The year is 1944 and 15-year old Leyna (Stenberg), daughter of a white German mother (Abbie Cornish) and a black French soldier, lives in fear after moving from the countryside to Berlin where her mother believes she’ll be safer. When she meets Lutz (MacKay), the son of a prominent SS officer (Christopher Eccleston) and a member of the Hitler Youth, the two fall madly in love, putting both their lives at risk.

Determined to believe that she will never encounter the fate suffered by her Jewish neighbours who have all either been murdered or sent to camps, Leyna remains adamant that she loves “the fatherland” just as much as the next German. The young woman’s world soon comes crashing down when she is deemed undeserving of her German nationality, triggering a series of events leading her to realise the horrors being committed by Hitler’s army.

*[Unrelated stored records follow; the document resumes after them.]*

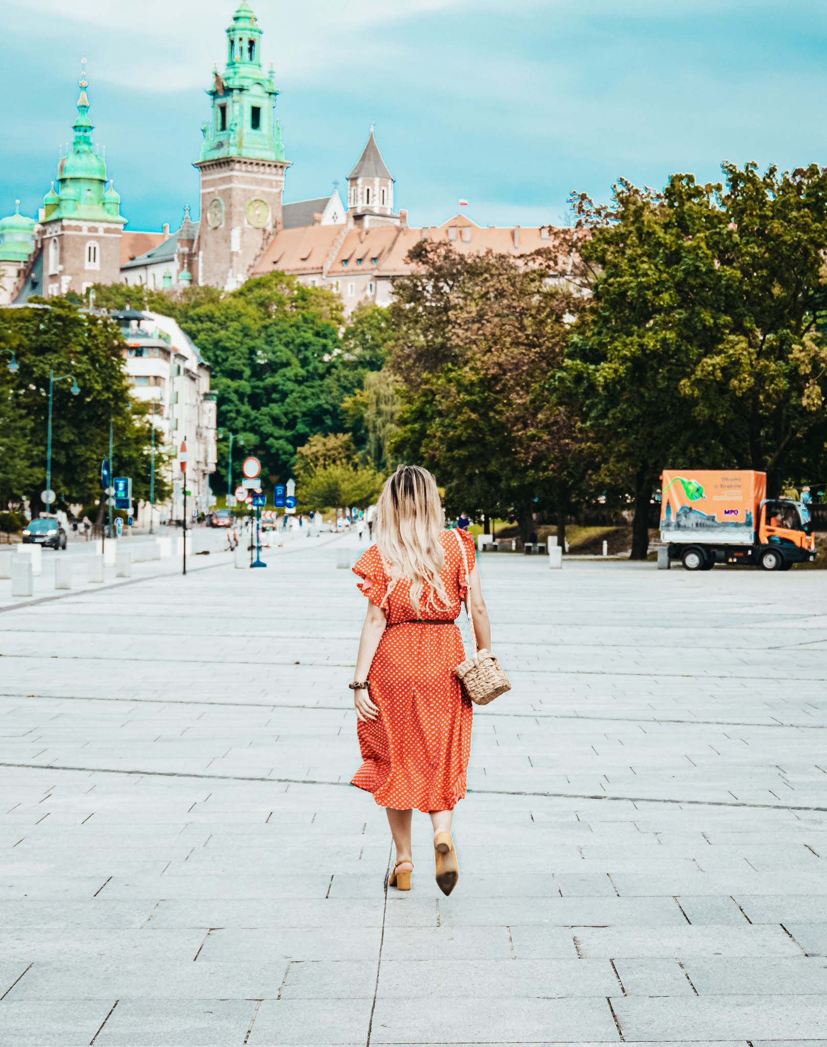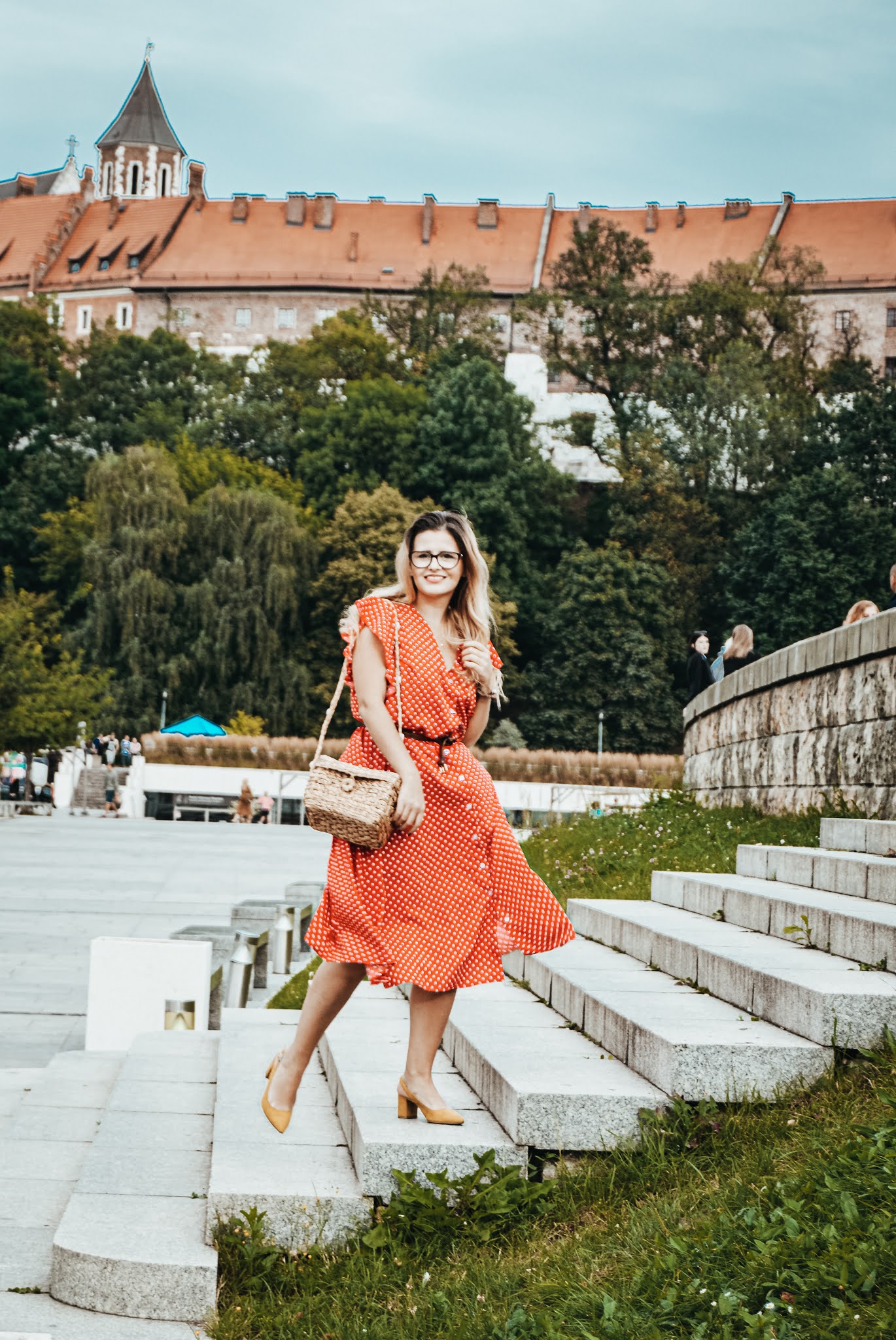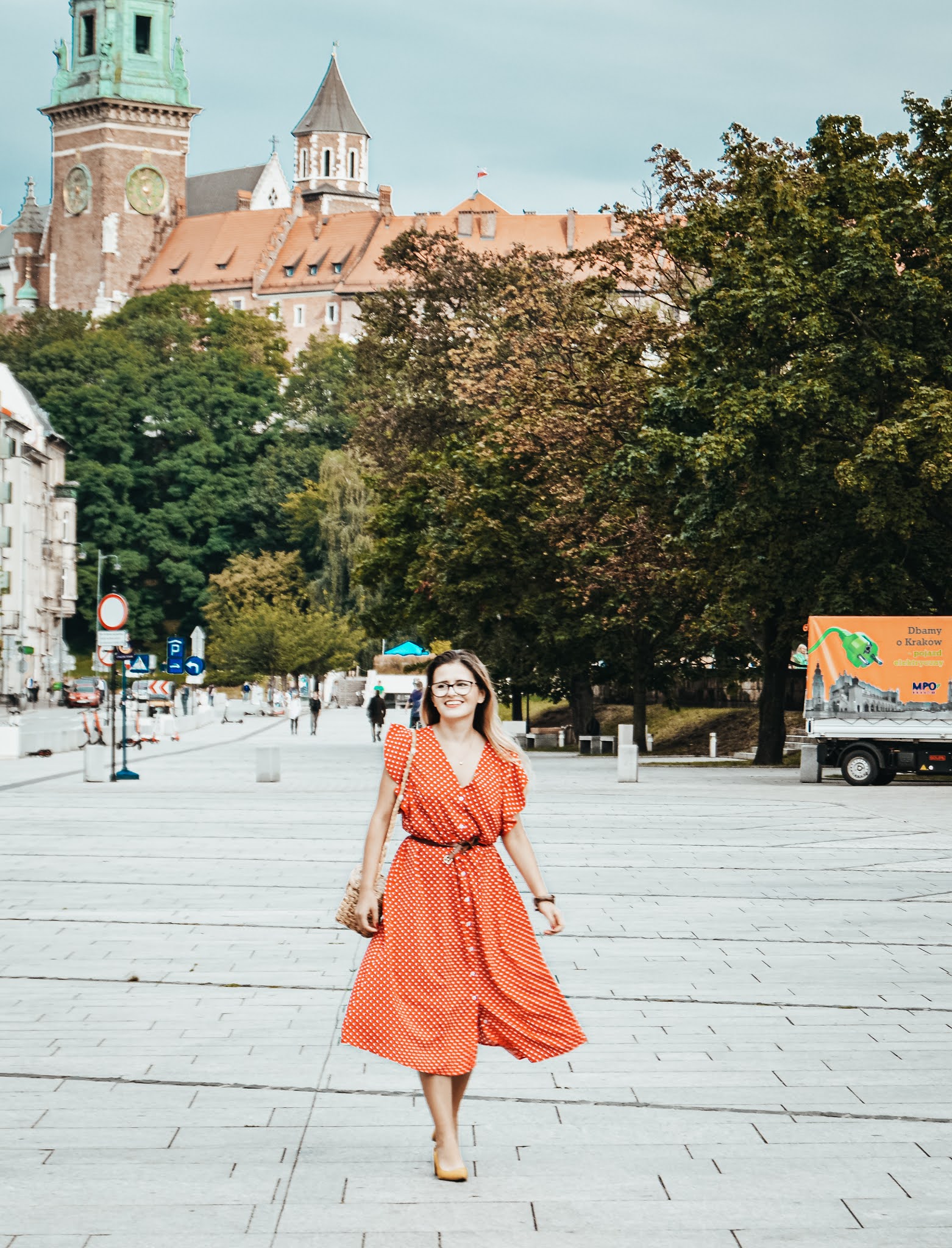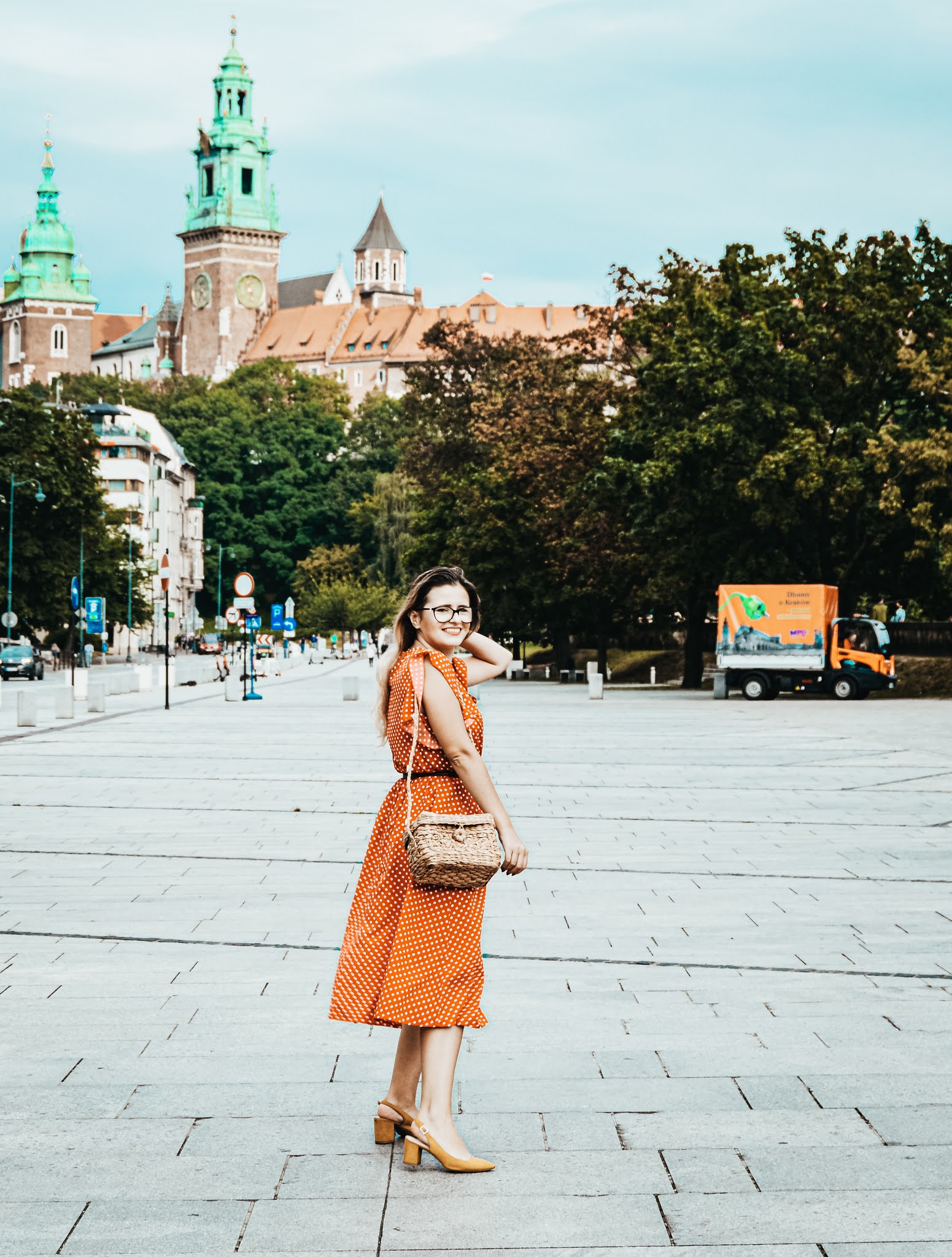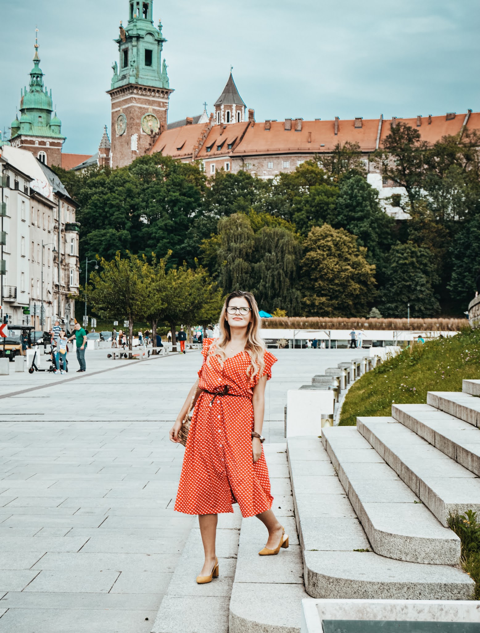 Sama zastanawiam się czy to szczęście, czy może już wypracowana przez lata umiejętność. Ale tak, tą sukienkę kupiłam w second-handzie. Stan idealny, efekt sukienki moich marzeń został osiągnięty. Na metce ma rozmiar XL, jednak po przewiązaniu w talii skórzanym paskiem pasuje jak idelna oversizowa sukienka na lato.Wspaniale czuję się w tego typu fasonach. Uwielbiam zakładać takie stroje na spacery po mieście kiedy wiatr porusza sukienką nadając jej pięknego kształtu i zwiewności. Gdyby nie rok 2020, to na pewno ta sesja byłaby zrobiona w Paryżu pod cudowną Wieżą Eiffla o której odwiedzeniu marzę już od dawna. Jednak sądzę żę nasz polski Zamek Królewski na Wawelu też prezentuje się tutaj pięknie.
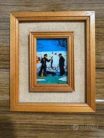 Tecnica: pittura su vetro, cornice in legno con passpartout in stoffa.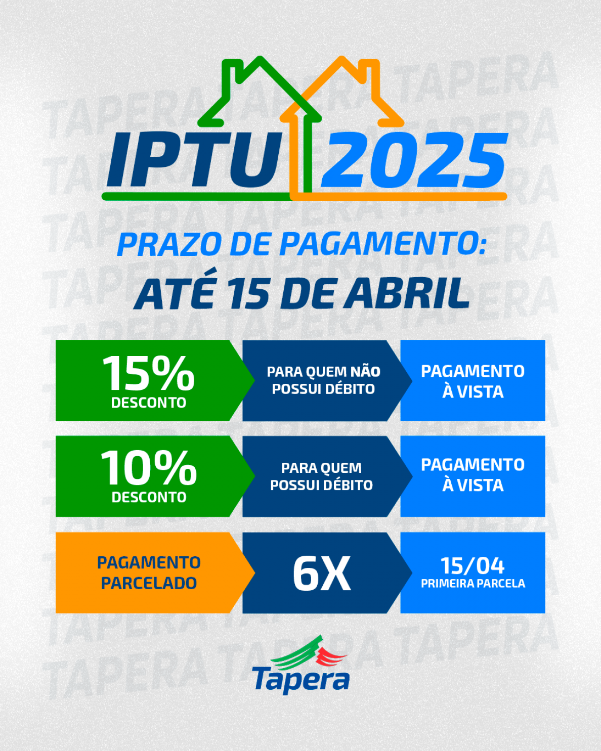 As impressões dos boletos do IPTU 2025, taxas de alvará e vigilância sanitária estarão disponíveis a partir do dia 15 de março no site da Prefeitura e na Sala do Empreendedor. Já o pagamento, estará disponível até dia 15 de ABRIL, para pagamento à vista ou da primeira parcela.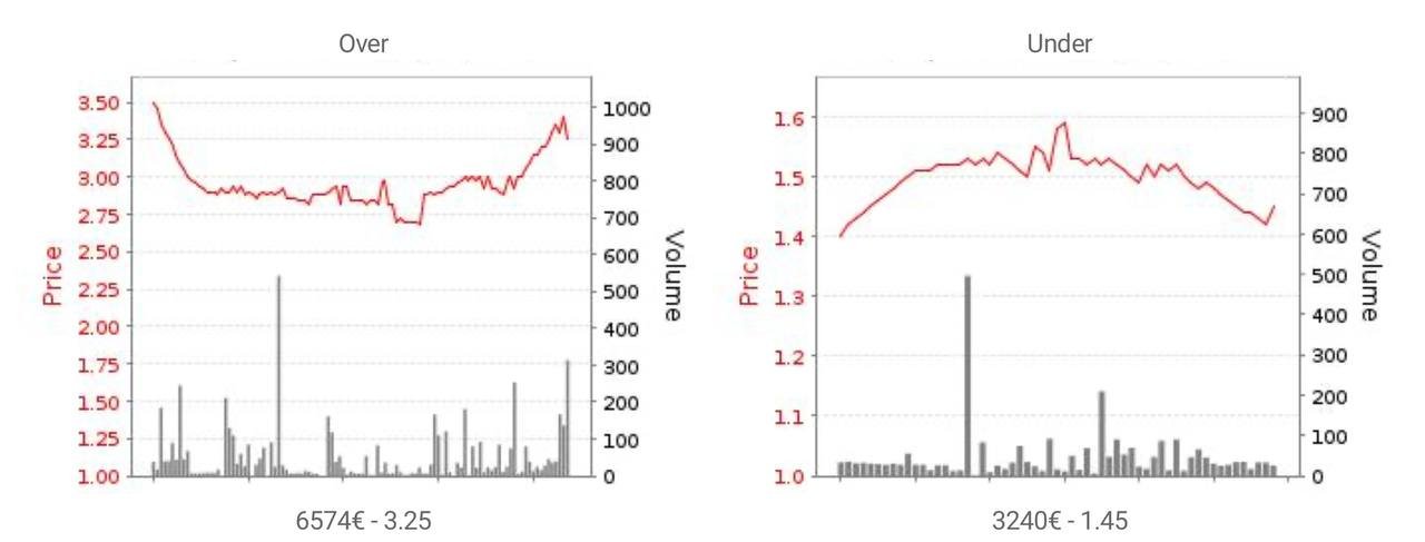 И вот спустя две недели происходит ровно то же самое в том же втором дивизионе Колумбии, только команды другие — «Богота» и «Тигрес». На матч по бирже excapper поставлено в общей сложности более 11 тысяч евро (для сравнения, на игру «Энвигадо» — «Букараманга» в высшей лиге Колумбии стоит всего 2000), из них 10 — как раз на тот самый рынок, 1,5 гола в первом тайме: 6600 — на ТБ 1,5, 3300 — на ТМ 1,5. На трёхисходку в этом матче загружено меньше 1000 евро.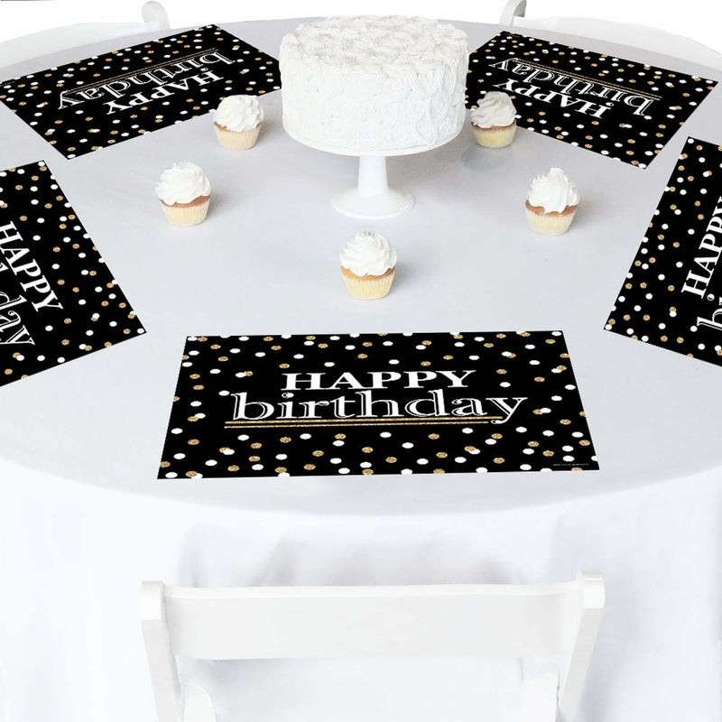 This set of 16 paper placemats are the perfect party table decoration for any birthday party. Use placemats to decorate tables for at-home dinner parties or take to your favorite restaurant and place at each setting. Made of sturdy cardstock paper, these disposable Adult Happy Birthday placemats will make it easy to clean up after the party is over.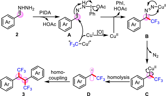Based on the above experimental results, a possible reaction mechanism is proposed. As shown in Scheme 5, PIDA is attacked by terminal N atoms of hydrazone 2 to form intermediate A and loose acetic acid. Then, under the attack of the trifluoromethyl anion from “CuⅠCF3”, intermediate A releases iodobenzene and HOAc to form CuⅡ coordinated intermediate B. Subsequently, the intermediate B releases nitrogen gas to generate organic copper(ΙΙ) species C, which forms trifluoromethyl substituted benzyl radical D due to the homolysis of the C–CuⅡ bond [36,37]. Finally, the benzyl radical D is homo-coupled to generate trifluoromethylative homo-coupling product 3.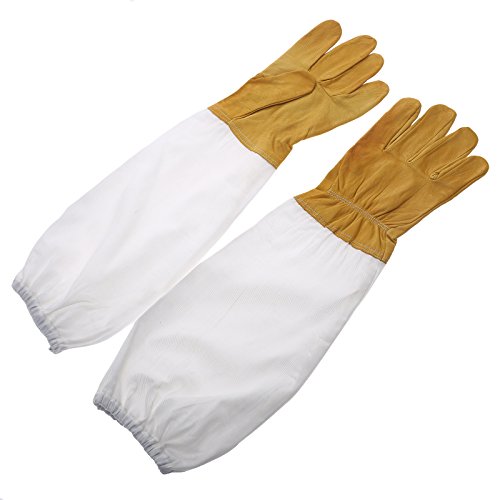 1ペア 防護グローブ 長袖 養蜂器具 養蜂用手袋 防護 羊皮 手袋 防刺 虫除け 草刈り ガーデニング イエロー XL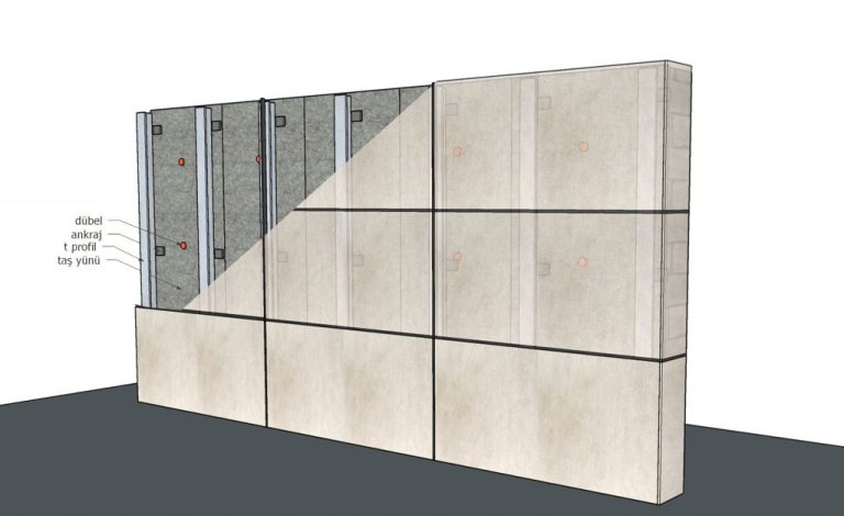 Bu sistem de taşıyıcı L konsollar betonarme duvara çelik gömlekli dübel ile terazisinde sabitlenir. Duvara sabitlenen L konsollar üzerine taşyünü ve su yalıtım malzemesi uygulanır. Daha sonra T profiller L konsol üzerine vidalanıp seramikler çelik silikon ile profillere yapıştırılır.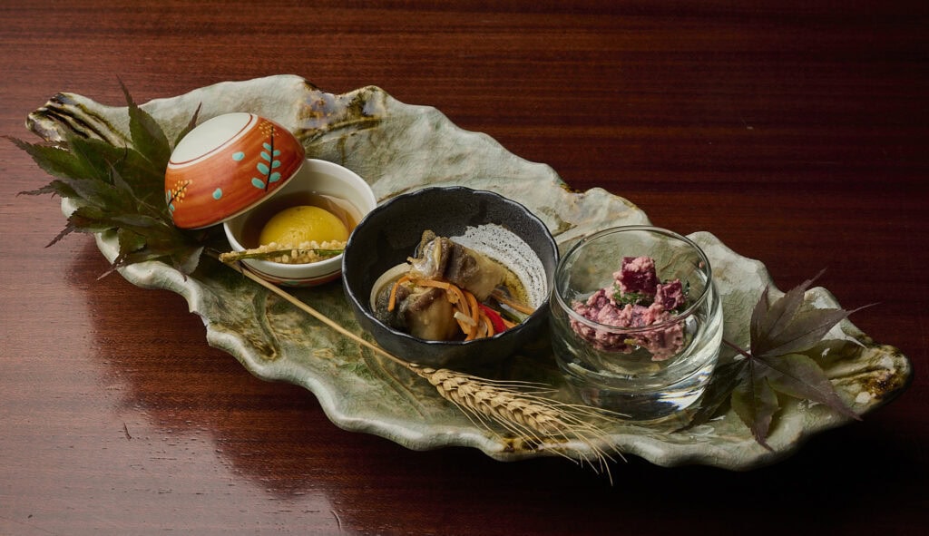 Dreierlei Vorspeise: Saba Nanbanzuke (leicht süß-sauer marinierte Makrele), Kabocha-Tofu mit Ahorn–Soja und Bubu Arare, sowie Shira-ae von Roter Bete & Süßkartoffel.

Asante offers a historically accurate, if ill-judged narrative which appears to be far more concerned with a fairly mundane love story than in the bigger picture. Where Hands Touch is ultimately let down by a deeply contrived storyline and tone-deaf melodramatic style which only serves to diminish the importance and urgency of the real life stories behind Assante’s screenplay.

Furthermore, and even if one is willing to ignore its lack of subtlety, and decidedly TV movie-like quality, Where Hands Touch falls short of convincing, mainly due to its inability to capitalise on what could have been such an enriching premise.

Amandla Stenberg, last seen in the brilliant “Black Lives Matter” vehicle The Hate U Give (2018), gives a formidable performance which is seldom hampered by the film’s feeble screenplay. For his part, George MacKay (soon to be starring in the upcoming The True History of the Kelly Gang) puts in a solid turn as Lutz, despite the obvious shortcomings of a badly written character.

Overall Where Hands Touch is hugely lacking in believability and subtlety. Assante offers a cliché-laden storyline that never quite manages to ring true, which is a real shame as there was definitely an interesting story to tell here. Sadly, it just isn’t this one.